EL. Since you outsource most of IT, what type of cost savings are you realizing?

 

RM. We would not say that cost reduction has been the motivation for our partnership with Dell. Dell is the expert in technology with a great deal of resources. We can pull from those resources as we need them. We can swap out people based on the projects we need to do. We just tap into that pool. It forces us to not hire and fire people. Our relationship with Dell enables us to continue to be the best and most innovative in our business relative to when it comes to technology. Dell has an ability to not only bring us the expertise, but help us to get that technology implemented and supported quickly and effectively. It also gives us the ability to shrink and swell as we need to as projects are in place or not in place.

 

EL. What is the process to update the business strategy and the role IT plays in it?

 

RM. Because we want to extend our systems and technologies to our customers and our suppliers, IT is an important part of the strategic planning process. That is where we see synergy with IT, in addition to the investment in our infrastructure.

 

Our senior management team has always held the belief that truly innovative technology can have a great impact on business operations. Of course, IT has to deliver collaboratively with the business. Our CIO is included at the management table during every step of a technology initiative - from initial discussion to post implementation.

 

The management team meets quarterly to update the business strategy. We also have a formal strategy process with our board of directors. We meet with the board's strategic planning committee at least twice a year and then we have an annual meeting with the full board once a year. Because no one is sure of the status of healthcare, we want to stay current with where and how care it is going to be delivered, and how technology is going to impact healthcare.

 

EL. What challenges have you faced because of the economic downturn and the Obama healthcare legislation?

 

RM. It is very difficult to comment on it until the Obama healthcare legislation gets carried out in 2014. The economy has forced our customers and our suppliers to look across their entire organization for efficiencies. That is where we come in. Our value is helping our customers and suppliers to be as efficient as they can be with their supply chain. It goes back to our Bill of Rights. If you look across those things, we have proven that we bring great value, drive efficiencies, and drive cost out for our customers and our suppliers. That has created many opportunities for us.

 

EL. What about growth?

 

RM. Our growth rate has been on target for the past couple of years. There are some acquisitions tied to this. I can only give you a historical viewpoint of it. We have been where we thought we would be for the past two years.
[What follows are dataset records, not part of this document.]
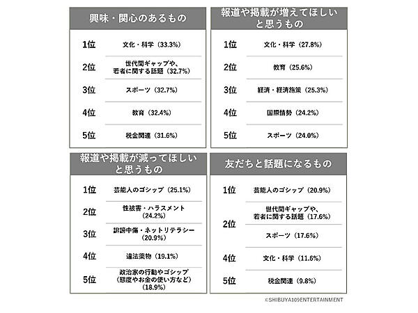 「報道や掲載が減って欲しいと思うジャンル」では「芸能人のゴシップ」25.1%、「性被害・ハラスメント」24.2%、「誹謗中傷・ネットリテラシー」20.9%が上位だったが、「友だちと話題になるジャンル」は「芸能人のゴシップ」20.9%が1位だった。
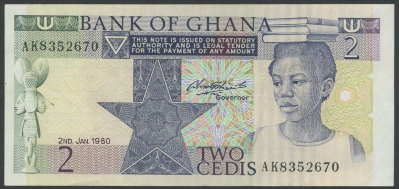 (x) Bank of Ghana, a group comprising, 1 Cedi, 7 February 1979, green and multicoloured, boy at right, reverse man weaving; 2 Cedis, 2 January 1980, blue-black and multicoloured, schoolgirl at right, reverse crop tending; 5 Cedis, red and multicoloured, old man at right, reverse logging; 10 Cedis (2), 2 January 1980, 2 July 1980; specimen 10 Cedis (3), 6 March 1982, serial prefixes BJ, BN, BQ, overprinted SPECIMEN in red with two De La Rue Specimen ovals on obverse and reverse, one punch hole, all purple and multicoloured, woman at right, reverse fishermen
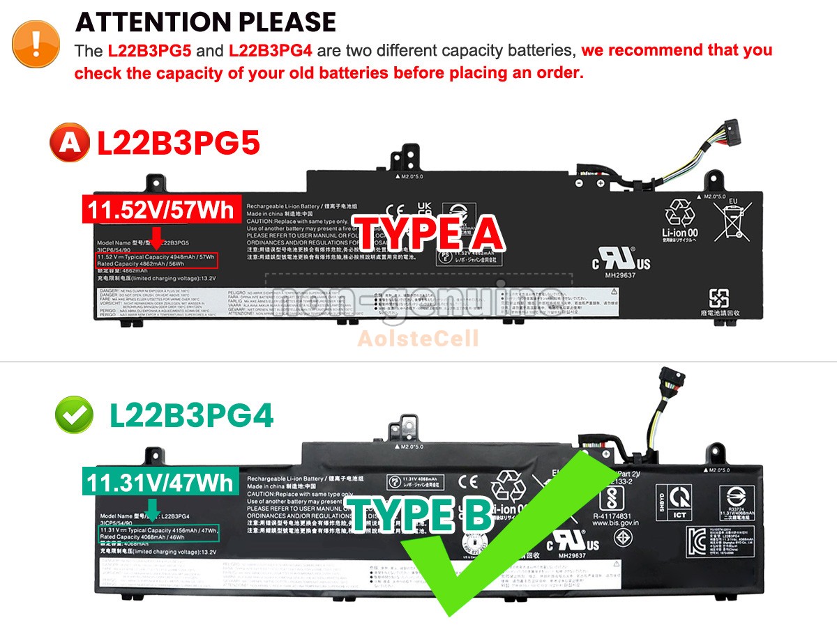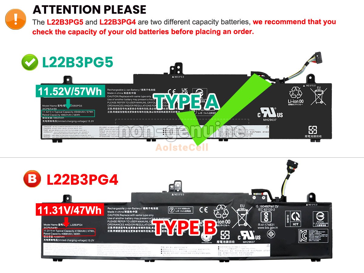 AolsteCell Battery L22M3PG5 for Lenovo L22M3PG5, 5B11N46031, L22D3PG5, L22L3PG5, ThinkPad E14 Gen 5-21JK
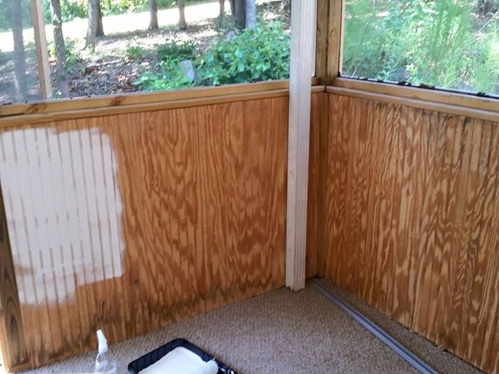 Progress pic – but it’s done now, looks so much nicer. Painted a nice cream white. Will replace the old carpet with grey flooring of an undetermined, weather-resistant type. Now I can actually use this room for some outdoor storage. Nothing major, because you know, thieves and meth-heads.
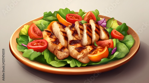 Gourmet Dinner Plate with Grilled Chicken and Fresh Salad Vegetables

This is from a revenue standpoint too.

 

EL. What new technologies are you looking at?

 

RM. Now that we our enterprise systems operate in a Microsoft environment, we will continue to extend our technology to our customers and suppliers via the Web. We are focusing on better user interfaces for all of our users and a better experience using our enterprise systems. We are focusing on business intelligence and effectively presenting our information in support of decision making, for our company, our customers, and our partners. We have had great success replacing our warehouse interfaces with voice recognition technology. We expect to do more of that.

 

EL. How do you work with the CFO and CIO to prioritize technology investments?

 

RM. Again, it comes back to the capital investment review process. Our CFO has laid out some easy-to-use tools for us to present internal rate of return and to show how we are going to monitor the achievements of each project. Our CFO is involved in helping us to put this stuff together, as well as holding us to some tight requirements of approving these capital investments. We meet regularly with the capital investment review committee to demonstrate how we doing against those measurements.